BMC Nephrol. 2019 Aug 22;20(1):326. doi: 10.1186/s12882-019-1478-8.
Podocyte infolding glomerulopathy (PIG) is a rare histopathologic finding with global infolding of the podocytes into the glomerular basement membrane (GBM), accompanied by microstructures underneath. Described in 2002 for the first time, PIG was proposed as a new pathological entity in 2008 based on the largest case series so far. Yet all of the described cases derive from Asian countries. We report a case from Germany fulfilling the diagnostic criteria of PIG. Considering the scarcity of data on this entity especially in Western countries, collecting cases like ours and multicentric meta-analyses will be crucial to obtain a better understanding of PIG, its causes, clinical course and potential treatment options.
A 56-year-old Caucasian woman with a history of rheumatoid arthritis (RA), no other comorbidities and no known renal disease was admitted to the hospital with acute kidney injury (AKI) and nephrotic syndrome. Physical examination was unremarkable except for anasarca. Renal ultrasound revealed no abnormalities. Laboratory and urine analyses were consistent with the nephrotic syndrome and renal failure. Serological studies regarding ANA, ANCA, anti-PLA2R autoantibodies, complement, virus infections, immunofixation and quantitative light chain analysis were unremarkable. A renal biopsy was performed. Light microscopic examination showed flattened tubular epithelium consistent with acute tubular damage, no infiltrates and unremarkable glomeruli except diffuse and global holes in the GBM (Fig. 1a) and negative staining for immunoglobulin heavy-chains, light-chains and complement split products. Electron microscopy revealed a rare correlate for these holes: global peculiar infolding of podocyte cytoplasm into the GBM. Most of these infoldings were accompanied by condensation of the GBM underneath. No such condensation or electron dense deposits were found without these infoldings or outside the GBM.
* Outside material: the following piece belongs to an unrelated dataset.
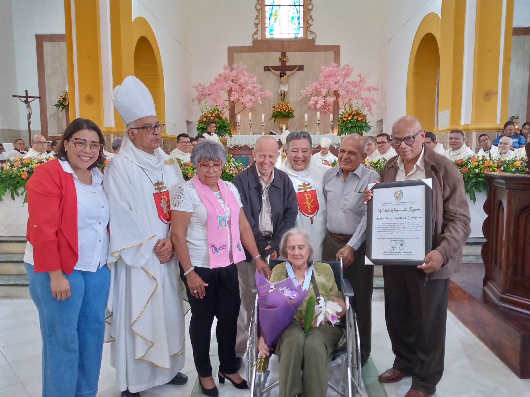 Al final de la celebración religiosa, autoridades entregaron la Orden Nuestra Señora de Begoña a la señora Isabel Martínez de Sequera por “su inquebrantable convicción en masificar el afecto y la fidelidad a la patrona de los naguanagüenses”.

Here we report the first case of PIG outside of Asia. Since there are only few reports about this specific finding, we feel there is a need to share information in an attempt to accumulate knowledge about this possible new entity and potential treatment options.
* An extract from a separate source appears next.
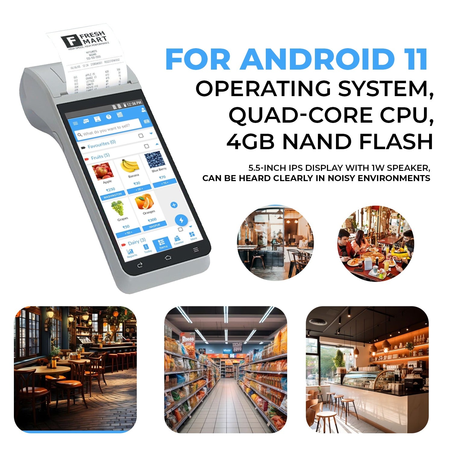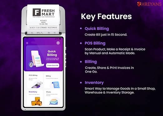 POS Billing Machine Terminal with Free Billing & Inventory Software | Can also be used as Quick Billing in Restaurants Retail Shops Van Distribution Parking Collection Outdoor Billing Cafes Hotel Gift Shops Warehouse

足细胞内褶肾小球病(PIG)是一种罕见的组织病理学表现,其特征为足细胞整体内褶入肾小球基底膜(GBM),伴有其下的微观结构。该病于 2002 年首次描述,2008 年基于迄今为止最大的病例系列,将其提出为一种新的病理实体。然而,所有描述的病例均来自亚洲国家。我们报告了一例来自德国的病例,符合 PIG 的诊断标准。鉴于该实体在西方国家的数据稀缺,特别是在西方国家,收集像我们这样的病例和多中心荟萃分析将是理解 PIG、其病因、临床过程和潜在治疗选择的关键。
一名 56 岁白人女性,患有类风湿关节炎(RA),无其他合并症,无已知的肾脏疾病,因急性肾损伤(AKI)和肾病综合征住院。体格检查无异常,仅出现水肿。肾脏超声无异常。实验室和尿液分析与肾病综合征和肾衰竭一致。血清学研究抗核抗体(ANA)、抗中性粒细胞胞浆抗体(ANCA)、抗磷脂酶 A2 受体自身抗体、补体、病毒感染、免疫固定电泳和定量轻链分析均无异常。进行了肾活检。光镜检查显示扁平的肾小管上皮细胞符合急性肾小管损伤,无浸润,肾小球无明显异常,除 GBM 弥漫性和全层孔(图 1a)外,免疫球蛋白重链、轻链和补体裂解产物染色均为阴性。电子显微镜显示这些孔的罕见相关物:足细胞细胞质整体内褶入 GBM。这些内褶大多伴有 GBM 下的凝聚。在没有这些内褶或不在 GBM 外的情况下,没有发现这种凝聚或电子致密沉积物。
我们报告了首例亚洲以外的 PIG 病例。由于关于这种特殊表现的报道很少,我们认为有必要分享信息,试图积累有关这种可能的新实体和潜在治疗选择的知识。